When the user asks the application for the optimal route, the application will then solve the traveling salesman problem, by using in the background software like Google or tools (Traveling Salesperson Problem n.d.) which is able to find a near-optimal solution for 170 shops or more, within one minute (annis-souames 22 May 2019 4th comment), with the use of Christofides. Furthermore, the data of the predicted time for a certain route, or the predicted time spent at a shop, will be the statistical mean of previous similar occasions, hence achieving a relatively accurate result.
For the apps’ creation, the developer needs to have solid knowledge of HTML5, CSS3, JavaScript, PHP and web automation with selenium in Python. Moreover, he would also require a server to do the computations required, as well as to host the application. In addition, web developers know HTML5, CSS3, JavaScript, and PHP very well. Also, web automation with selenium in Python can be learned within 30 to 40 days (Kiara Dawson August 12 2021). Furthermore, Google or tools (Traveling Salesperson Problem n.d.), Google ML Kit (Barcode Scanning n.d.) and Google Vision (Vision AI n.d.) are publicly available and well documented. Without a doubt, this project does not require a developer with a special skill set, despite its multi-functionality.

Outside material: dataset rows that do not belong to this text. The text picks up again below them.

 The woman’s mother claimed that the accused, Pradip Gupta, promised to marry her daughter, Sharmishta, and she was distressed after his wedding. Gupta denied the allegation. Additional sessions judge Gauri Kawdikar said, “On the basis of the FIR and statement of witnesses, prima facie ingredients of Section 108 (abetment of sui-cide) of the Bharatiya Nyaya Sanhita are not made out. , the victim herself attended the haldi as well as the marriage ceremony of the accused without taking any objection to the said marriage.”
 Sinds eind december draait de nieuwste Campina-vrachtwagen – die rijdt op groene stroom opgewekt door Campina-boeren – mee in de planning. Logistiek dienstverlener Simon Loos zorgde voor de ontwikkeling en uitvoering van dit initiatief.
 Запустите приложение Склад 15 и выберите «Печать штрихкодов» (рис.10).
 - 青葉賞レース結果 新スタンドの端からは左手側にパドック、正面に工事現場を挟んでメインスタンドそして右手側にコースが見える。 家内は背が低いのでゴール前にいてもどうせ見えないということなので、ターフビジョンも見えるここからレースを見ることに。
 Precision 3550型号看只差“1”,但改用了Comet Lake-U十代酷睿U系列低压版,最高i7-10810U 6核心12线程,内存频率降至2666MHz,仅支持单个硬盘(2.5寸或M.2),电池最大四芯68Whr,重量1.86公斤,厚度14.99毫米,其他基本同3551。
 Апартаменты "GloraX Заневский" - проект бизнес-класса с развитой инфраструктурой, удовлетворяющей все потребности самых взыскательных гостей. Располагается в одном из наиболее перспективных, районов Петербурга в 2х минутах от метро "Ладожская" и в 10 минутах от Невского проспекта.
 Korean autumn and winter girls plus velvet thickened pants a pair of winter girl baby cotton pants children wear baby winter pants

If the project is successful and ends up being commercially viable, then purchasing from local stores might be revolutionized forever. By using this app, consumers will buy products at the lowest prices and save countless hours in commute time, as well as through the route optimization part of the app, which will calculate the optimal route, in order to complete your shopping in the most expedited manner possible. This way, people will be able to use their time more efficiently and might even result in an increase in customers for local stores. Furthermore, users will also be encouraged to only purchase as much as they need and will also have scrumptious recipes ready for the ingredients which they purchased. In conclusion, this app has the potential to make consumers’ lives easier and might even be able to reshape entire markets.